• Information supplied:
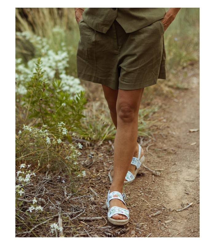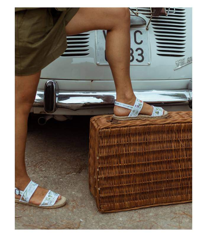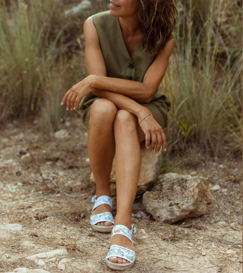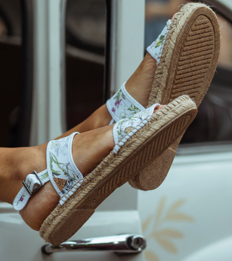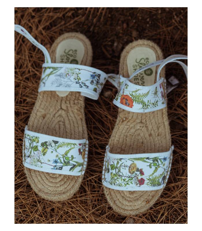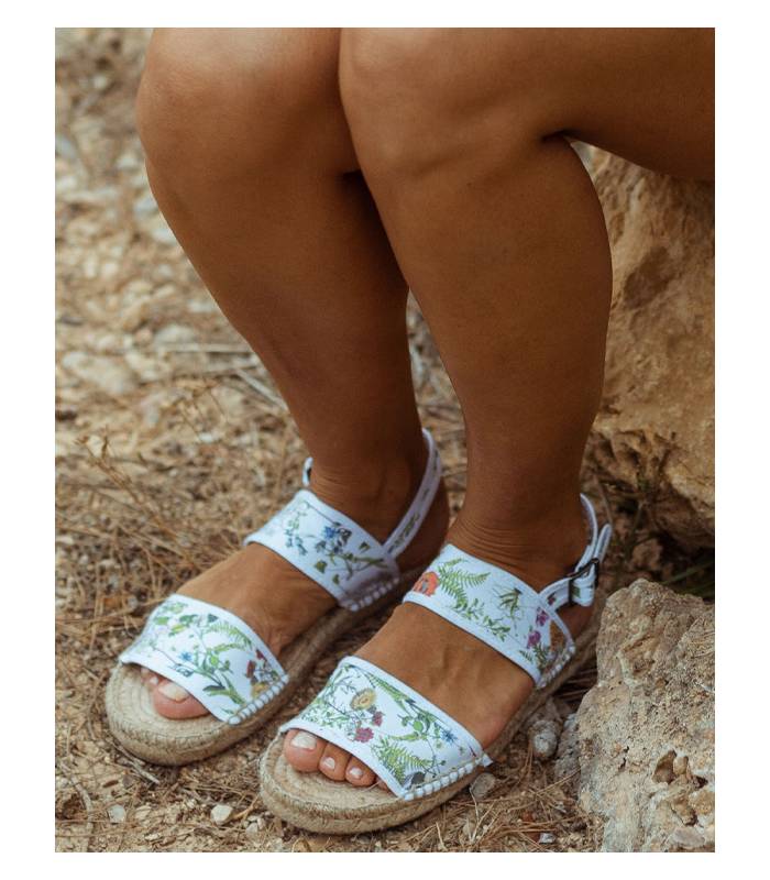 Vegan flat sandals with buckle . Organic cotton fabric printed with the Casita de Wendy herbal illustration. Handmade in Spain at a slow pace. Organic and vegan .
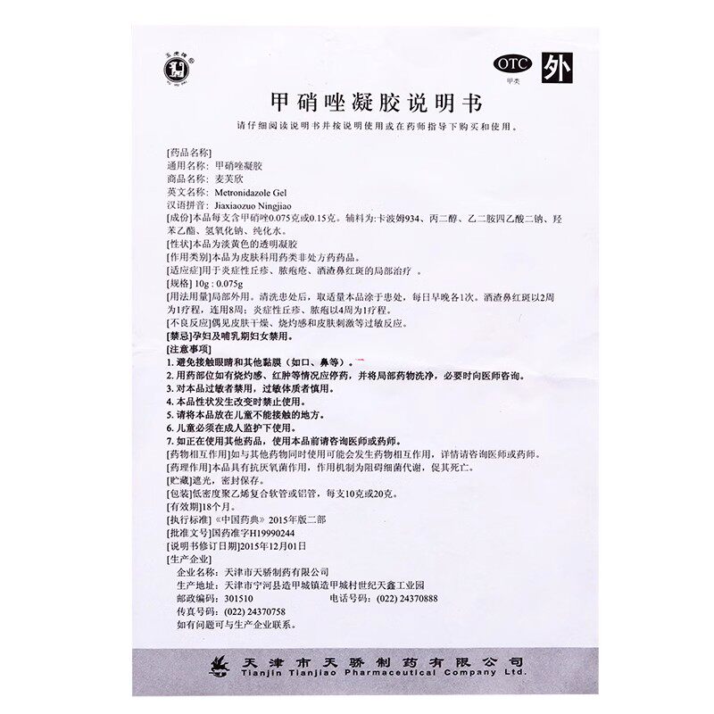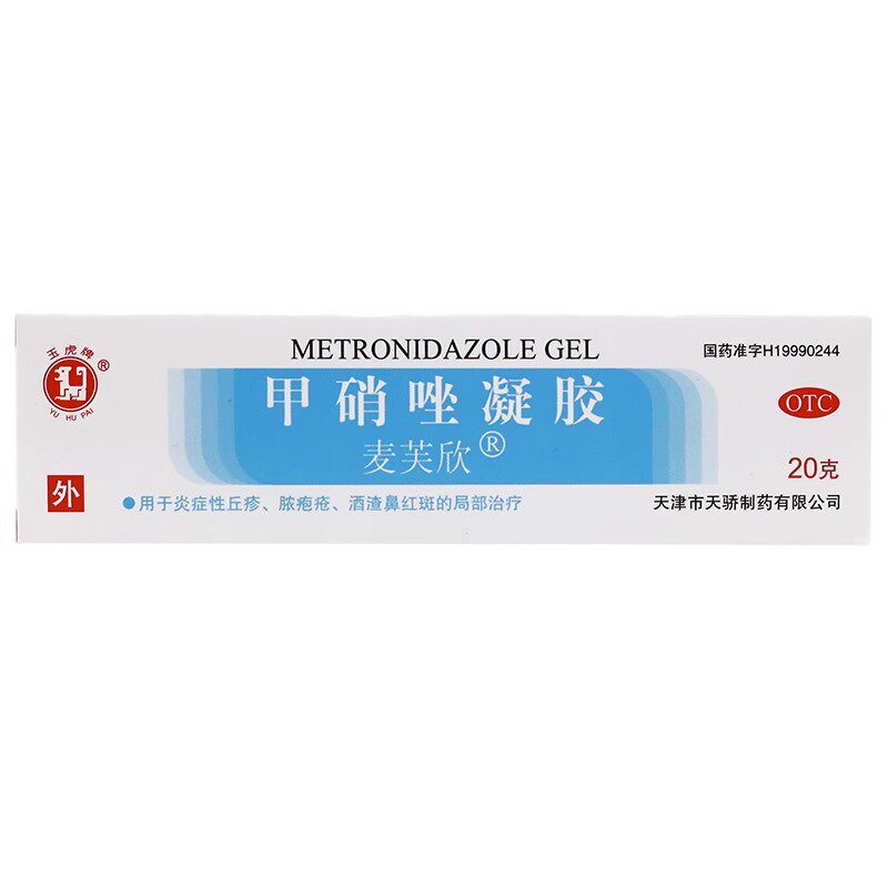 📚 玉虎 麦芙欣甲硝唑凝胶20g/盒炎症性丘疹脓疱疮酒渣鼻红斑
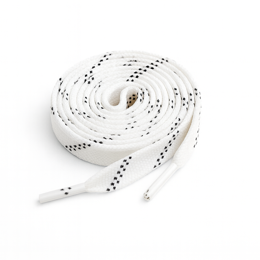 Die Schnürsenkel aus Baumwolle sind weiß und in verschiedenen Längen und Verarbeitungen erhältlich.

• Task objective: Pictures stay out; the data above is to be returned exactly.

• Exercise solution:
 Vegan flat sandals with buckle . Organic cotton fabric printed with the Casita de Wendy herbal illustration. Handmade in Spain at a slow pace. Organic and vegan .
 📚 玉虎 麦芙欣甲硝唑凝胶20g/盒炎症性丘疹脓疱疮酒渣鼻红斑
 Die Schnürsenkel aus Baumwolle sind weiß und in verschiedenen Längen und Verarbeitungen erhältlich.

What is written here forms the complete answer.